#### TO DO
Give the data again exactly as written, skipping any pictures.

#### PROVIDED DATA

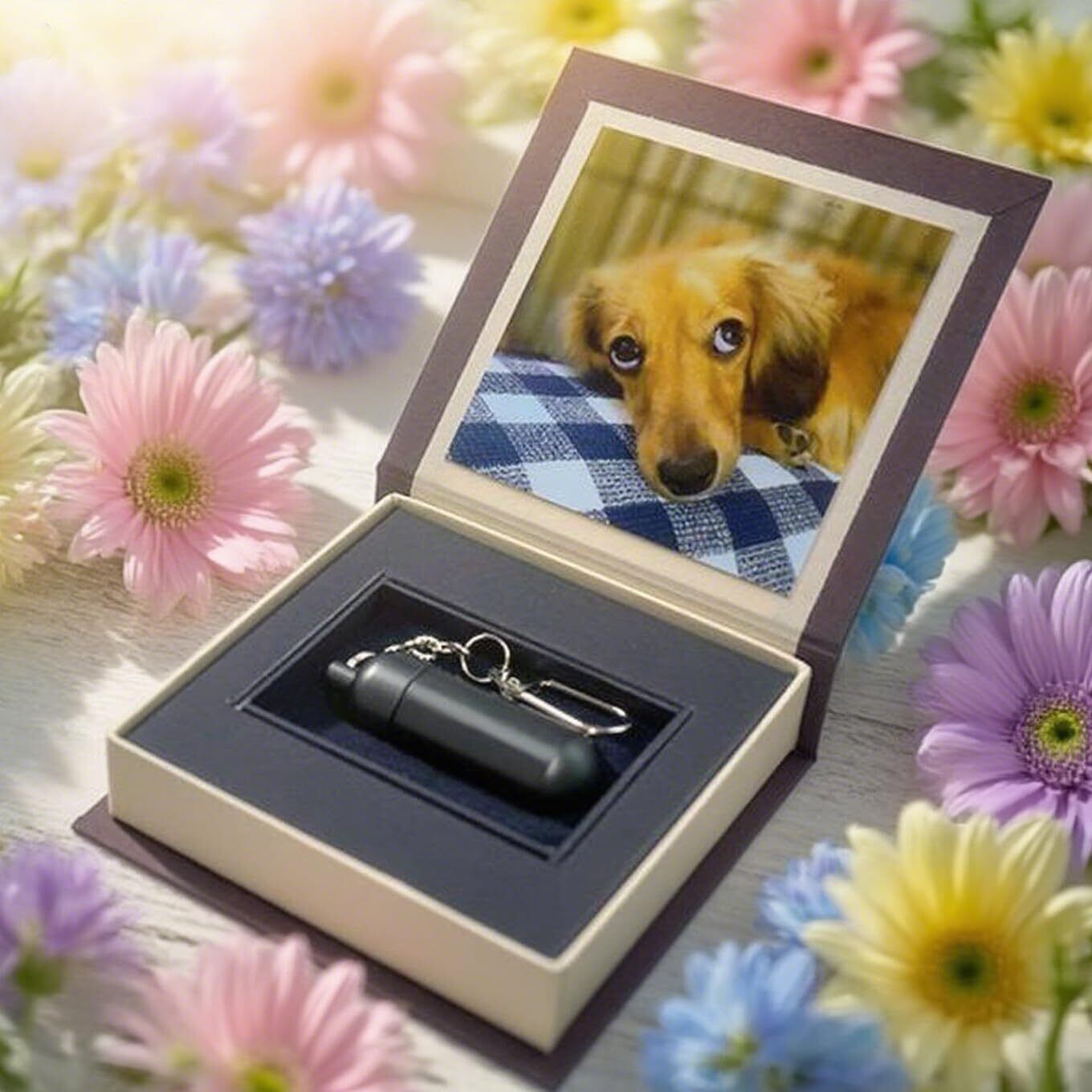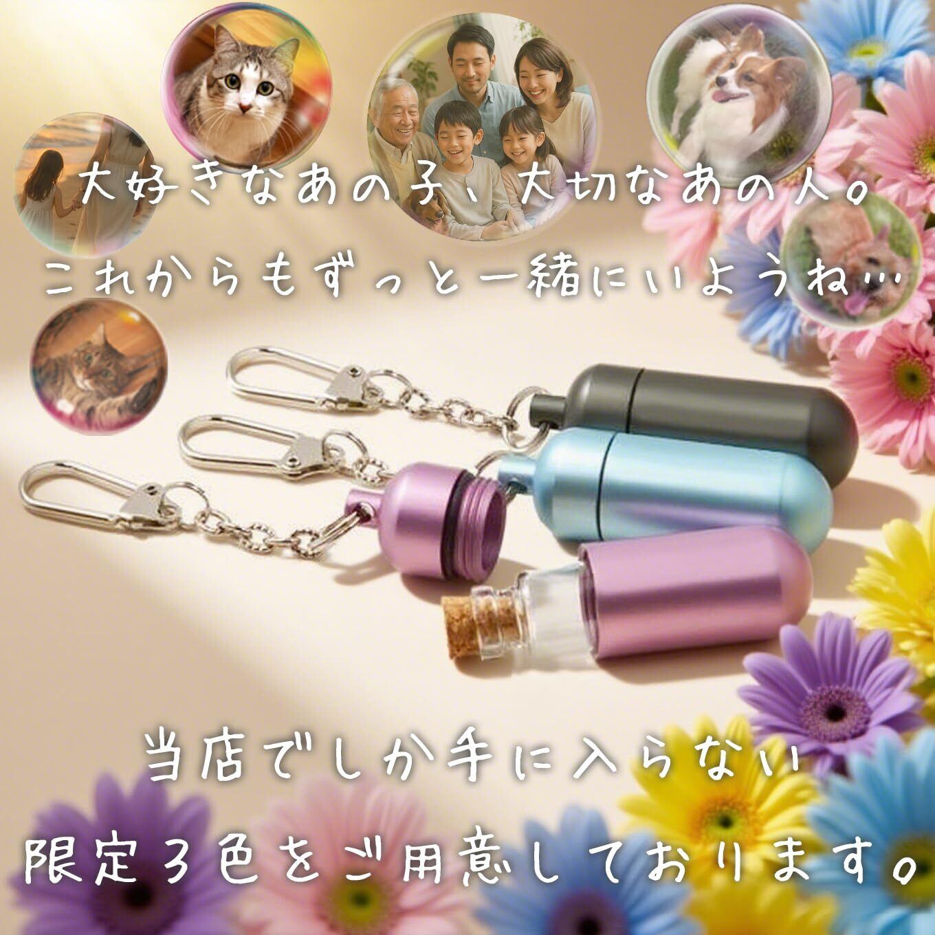 お骨はもちろん、遺毛や歯・爪などの小さな遺品や思い出の品をおさめて、いつも身近に感じられる分骨カプセルです。
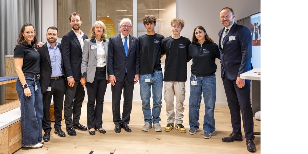 Gouverneur Walz wurde von einer Delegation aus Vertreterinnen und Vertretern von Wirtschaftsverbänden und Behörden aus Minnesota begleitet. Die Gruppe verbrachte zwei Stunden im Hauptsitz von Bühler und besuchte den Innovationscampus CUBIC, Forschungs- und Ausbildungszentren sowie das Bühler Energy Center, das Zentrum des Unternehmens für Berufsausbildung und Erwachsenenbildung. Gouverneur Walz und seine Delegation trafen Auszubildende und Ausbilder, erhielten Einblick in Schulungen und diskutierten, wie die strukturierte Kombination aus Unterricht im Klassenzimmer und bezahltem Lernen am Arbeitsplatz in der Praxis organisiert ist.
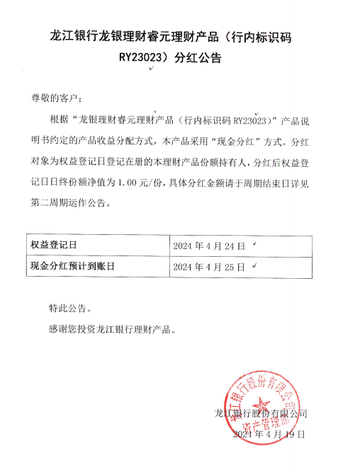 龙江银行龙银理财睿元理财产品(行内标识码RY23023)分红公告
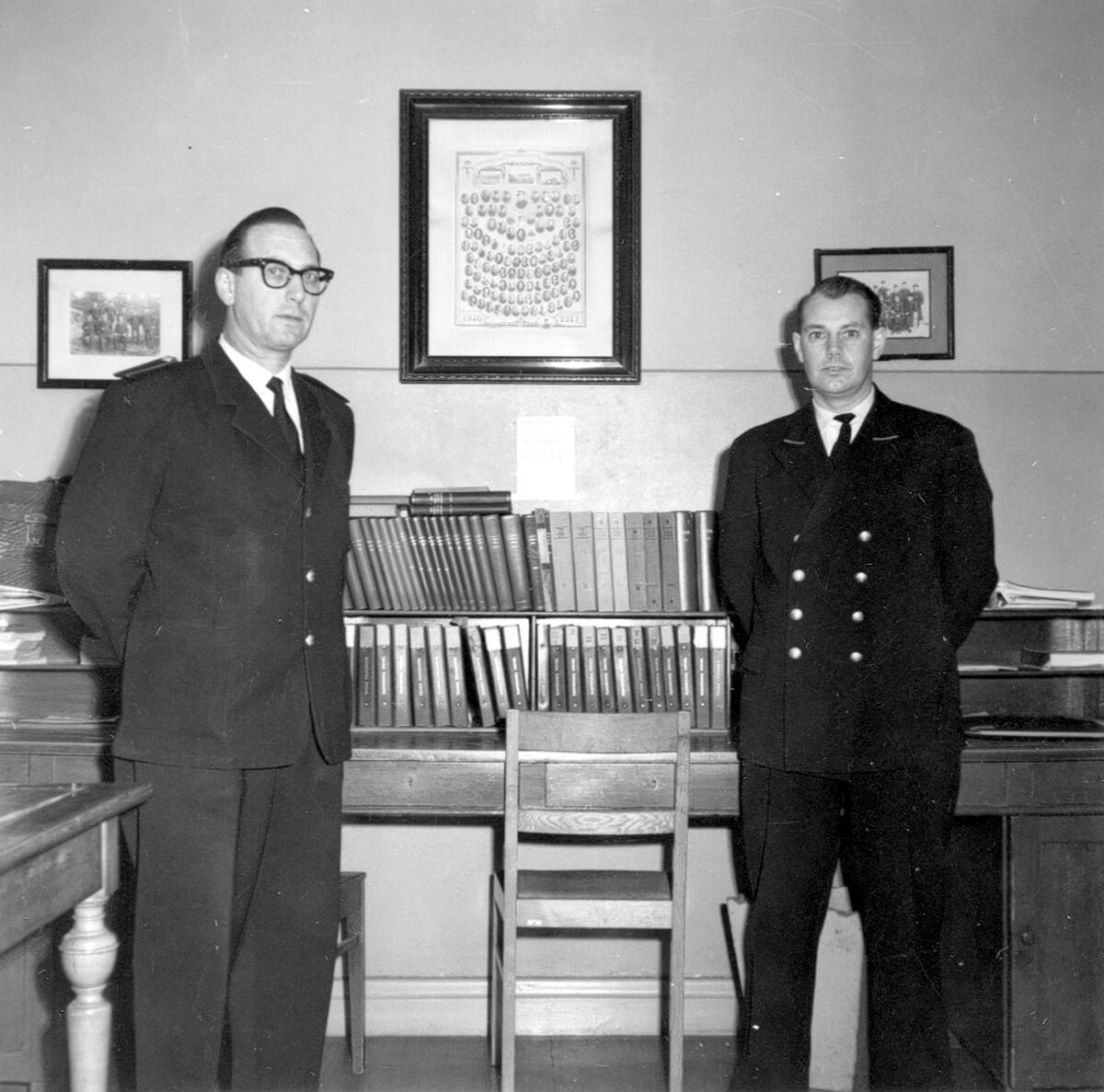 I vaktrummet. Tulluppsyningsmännen H.E. Scherlund och S.O. Kjöllerström.

#### RESULT FOR THIS TASK
 お骨はもちろん、遺毛や歯・爪などの小さな遺品や思い出の品をおさめて、いつも身近に感じられる分骨カプセルです。
 Gouverneur Walz wurde von einer Delegation aus Vertreterinnen und Vertretern von Wirtschaftsverbänden und Behörden aus Minnesota begleitet. Die Gruppe verbrachte zwei Stunden im Hauptsitz von Bühler und besuchte den Innovationscampus CUBIC, Forschungs- und Ausbildungszentren sowie das Bühler Energy Center, das Zentrum des Unternehmens für Berufsausbildung und Erwachsenenbildung. Gouverneur Walz und seine Delegation trafen Auszubildende und Ausbilder, erhielten Einblick in Schulungen und diskutierten, wie die strukturierte Kombination aus Unterricht im Klassenzimmer und bezahltem Lernen am Arbeitsplatz in der Praxis organisiert ist.
 龙江银行龙银理财睿元理财产品(行内标识码RY23023)分红公告
 I vaktrummet. Tulluppsyningsmännen H.E. Scherlund och S.O. Kjöllerström.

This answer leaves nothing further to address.